French-Polish businessman

Slawomir Krupa (born on June 18, 1974) is a French banker and business executive. He was chosen on September 30, 2022, to lead Société Générale starting from May 23, 2023. He has also been chairperson of the European Banking Federation since 2025.

== Early life ==
Born in Bulgaria, he first lived in Poland, before moving to France in 1980 with his mother, Zofia Cygal-Krupa, who became a lecturer in linguistics at the University of Lille-III. His father, Zdzisław Krupa, was a Polish language teacher in high schools in Kraków, then in the Nord-Pas-de-Calais region, before returning with his wife to teach at the Jagiellonian University.

His mother, Zofia Cygal-Krupa was recruited at the Jagiellonian University right after her studies.
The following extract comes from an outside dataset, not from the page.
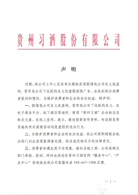 近期,贵州习酒发布声明称,公司工作人员在相关媒体发现了有假借公司名义或虚构、冒用公司下设机构名义的虚假招商广告。对此,公司表示将积极配合执法部门对此类现象调查处理、依法追究相关方的法律责任。

As part of university exchanges, she was a lecturer at the University of Lille-III in 1980, then a senior lecturer (1995); in 1998, she was a visiting professor at the Université Jean-Moulin-Lyon-III. In 2002, she was tenured as a professor at the Jagiellonian University, and became a visiting professor at the Hankuk University of Foreign Studies in Seoul.

Krupa studied at Sciences Po Paris, where he took a finance course that sparked his interest in banking.

== Career ==
Following his education, he joined the Société Générale group in 1996 as an inspector at the General Inspection department. He was tasked with regaining the confidence of the Fed after BNP Paribas had to pay a $9 billion fine and Société Générale had to pay a $2.6 billion fine. In January 2021, he was appointed Deputy CEO of the Large Clients and Investor Solutions Banking division. He then negotiated with the United States government for the abandonment of charges related to embargo violations, suspicions of corruption with the Libyan sovereign wealth fund, and the manipulation of interbank rates.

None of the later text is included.